レクチャー「ピアノの歴史」2の感想

1月27日横浜みなとみらい小ホールでレクチャーコンサートシリーズ「ピアノの歴史」の第2回目があり、聴講した。今回は「謀略家としてのハイドン」を表題にしたレクチャーとハイドンのピアノ曲の演奏があった。講師は阪大の伊東信宏助教授、演奏はBS放送の「ぴあのピア」にも出演されている山名敏之さんと奥さんの山名朋子さん。

ハイドン時代の鍵盤楽器

今回は当時のピアノの環境を踏まえてハイドンの音楽を考える程度の内容であった。「謀略家」との表題は単調であると思われているハイドンの音楽に目を向けさせるための伊東先生の謀略である。ハイドンの時代はピアノが発明されてから半世紀ほど経っていたが、まだ、鍵盤楽器としてクラヴィコード、チェンバロ、フォルテピアノが共存していた。レプリカで三つの楽器を聞き比べたがフォルテピアノは改良が進み、この時代はフォルテピアノ最も表現力が優れている楽器になっているように感じた。

クラヴィコード

クラヴィコードは音量が小さく演奏会で使用するのは無理である。しかし、家庭で聞くには十分な音量であり、音の強弱がつけられること、体積が小さく、多分一番安価であったのだろう、現在のデジタルピアノのように家庭用の楽器としてまだ生き残っていたようである。バッハもハイドンも家庭での作曲はクラヴィコードを使用していたとのこと。

チェンバロ

チェンバロは歴史も長く、楽器としての地位を確立していたので、当時もまだ多く使用されていたようである。チェンバロは音の強弱は上下2段の鍵盤だけでしかできないので、多彩な音の強弱による表現が要求されるような曲には不向きのようである。バロックの鍵盤音楽はチェンバロの特性を考慮し、音の強弱とは別の方法で曲に表情をつけていたとのことであるが、具体的にどのような方法なのかまでは理解できなかった。これからの勉強課題である。

フォルテピアノ

フォルテピアノはこの時代になると機械的にも安定してきて、最も表現力が優れた楽器になっていたようである。しかし、現在のピアノと比較すると響きが早く減衰する(鍵盤を叩いてから早く音が無くなる)ので、音の余韻を楽しむような曲には不向きだが、音のテクスチャー(瞬間から瞬間に連なる響きの流れ程度の意味か)を理解するには、現在のピアノでは響きに埋没してしまうのでこの時代のフォルテピアノの方が向いているとのことであった。ハイドンの曲にも旋律の方向性が分からなくなる部分があるが、そのようなところはフォルテピアノで聞く方がよく理解できるとのこと。素人の私にはまだ理解不可能な部分である。

ハイドンの音楽

ハイドンの曲はクラヴィコード、チェンバロ、フォルテピアノのどれで弾いてもよいとのことであるが、部分的にはチェンバロには不向きなところが出て来ているようである。生活的には公爵の楽長を長く務めた関係で、雑務が多く、作曲に専念する時間はあまりなかったとのこと。新しいアイデアも複数の曲で次第に練り上げらていったとのことである。

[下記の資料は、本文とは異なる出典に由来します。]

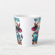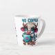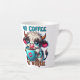 A funny and sarcastic design features a cute highland cow sitting with a steaming coffee mug that has a lipstick kiss mark on the front. The cow, with big blue eyes, glasses, and a soft expression, has black and white fur. Bright, colorful text reads: "No coffee, no workie." This playful design is available on various products, making perfect gifts for coffee lovers.
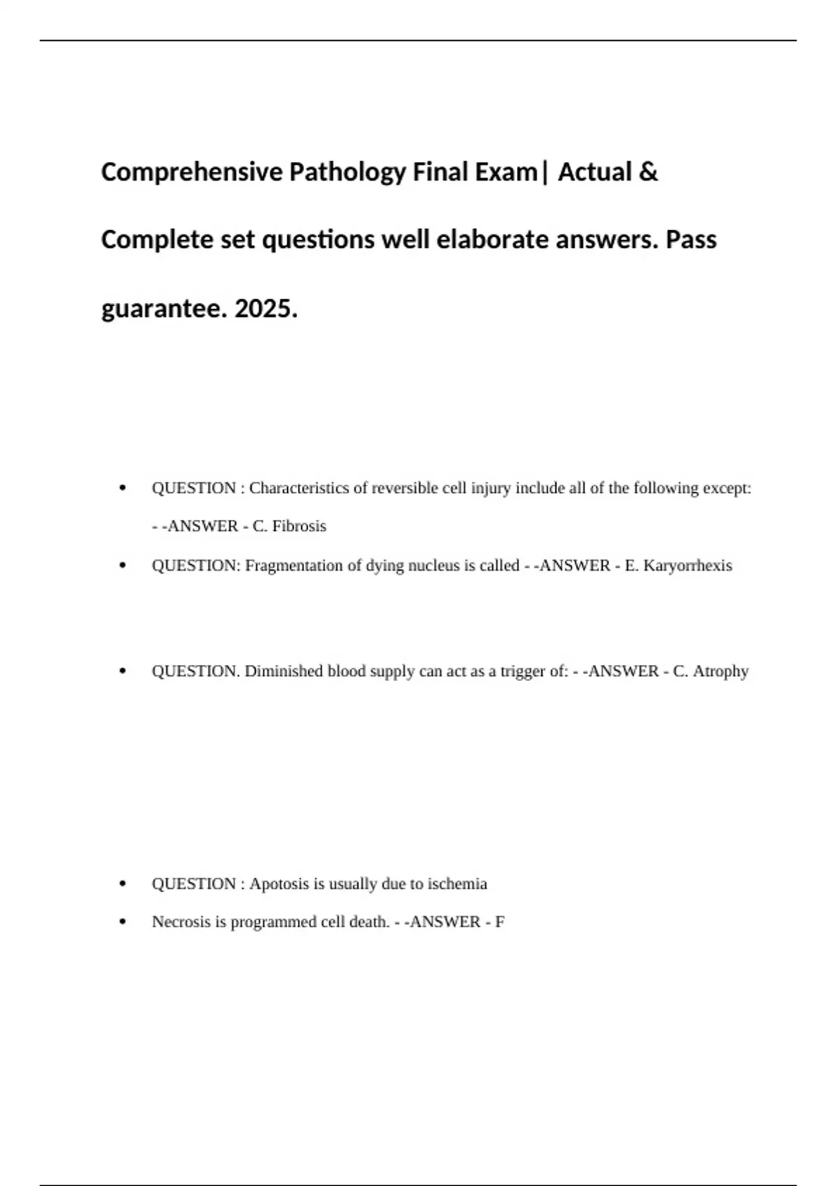 Comprehensive Pathology Final Exam| Actual & Complete set questions well elaborate answers. Pass guarantee. 2025 Comprehensive Pathology Final Exam| Actual & Complete set questions well elaborate answers. Pass guarantee. 2025 Comprehensive Pathology Final Exam| Actual & Complete set questions well elaborate answers. Pass guarantee. 2025 Comprehensive Pathology Final Exam| Actual & Complete set questions well elaborate answers. Pass guarantee. 2025 Comprehensive Pathology Final Exam| Actual & Complete set questions well elaborate answers. Pass guarantee. 2025 Comprehensive Pathology Final Exam| Actual & Complete set questions well elaborate answers. Pass guarantee. 2025
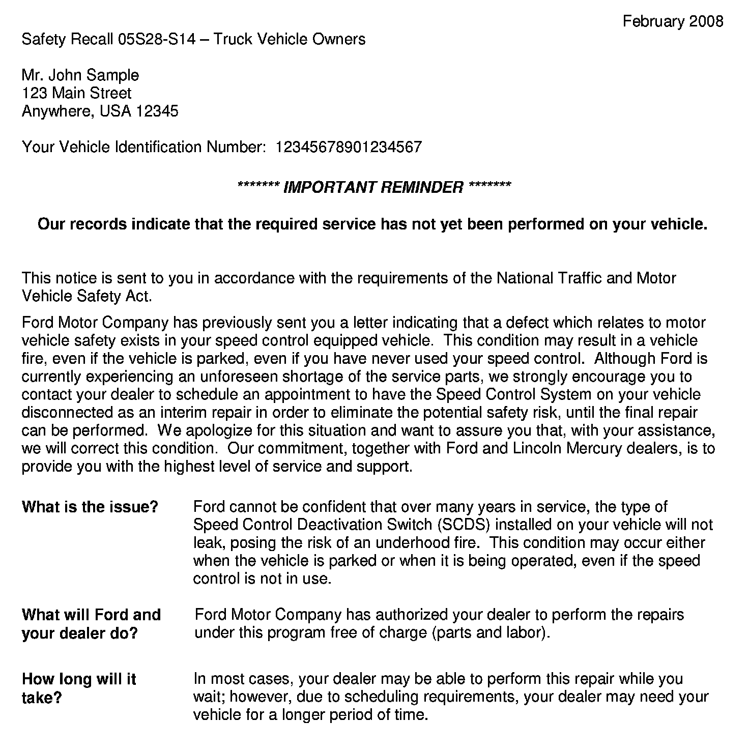 Important Reminder Owner Letter - Truck - Required Service Not Performed Yet
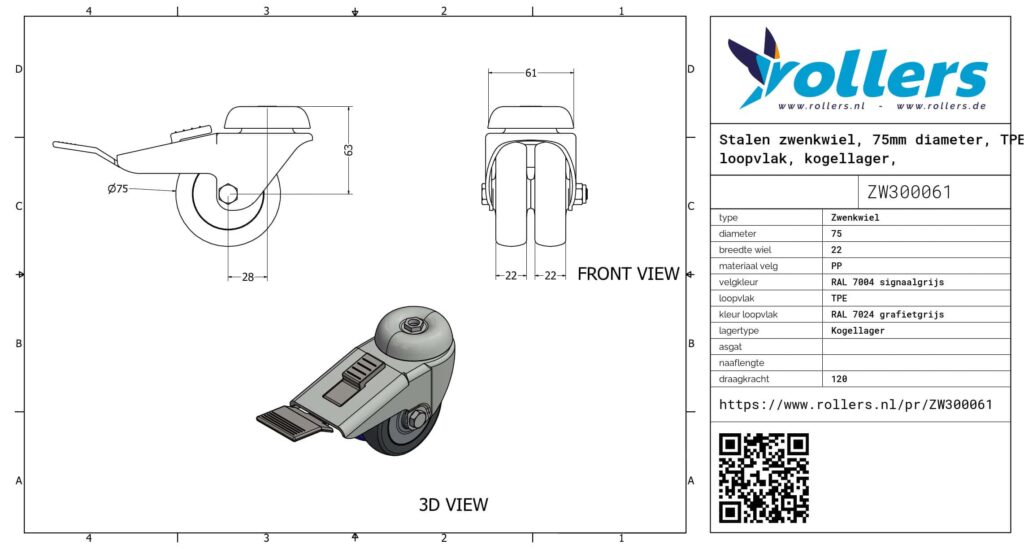 Dit is een zwenkwiel met een stalen gaffel. Het wiel heeft een rem van het type wielrem. Deze kan worden bevestigd door middel van een boutgat. De bouwhoogte is 100 mm. Het materiaal van de velg is PP (RAL 7004 signaalgrijs van kleur) en van het loopvlak TPE (RAL 7024 grafietgrijs). De diameter van het wiel is 75 mm en de breedte 22 mm. Het wiel heeft een draagvermogen van 120 kg. De lagering bestaat uit een kogellager. Merk: Steinco.
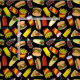 Seamless pattern of coloured fast food icons. Seamless pattern. Custom background colour.

ハイドンの曲が単調であるというのは宮廷生活で忙しく、公爵の意向にあまり逆らわないように作曲したためかもしれない。しかし、中にはベートーベンを思わせるような激しい表現もあり、先駆けとなったようなところもある。特にロンドを訪れたあとは、更にピアノが改良されたていたこと、自由な生活であったことなどが影響してかその傾向が強いと感じた。

今回のレクチャーで音の強弱や響きの減衰する時間によって表現方法が変わって来ることを知ったので、今後は作曲家の時代のピアノの性能を考えながら鑑賞したい。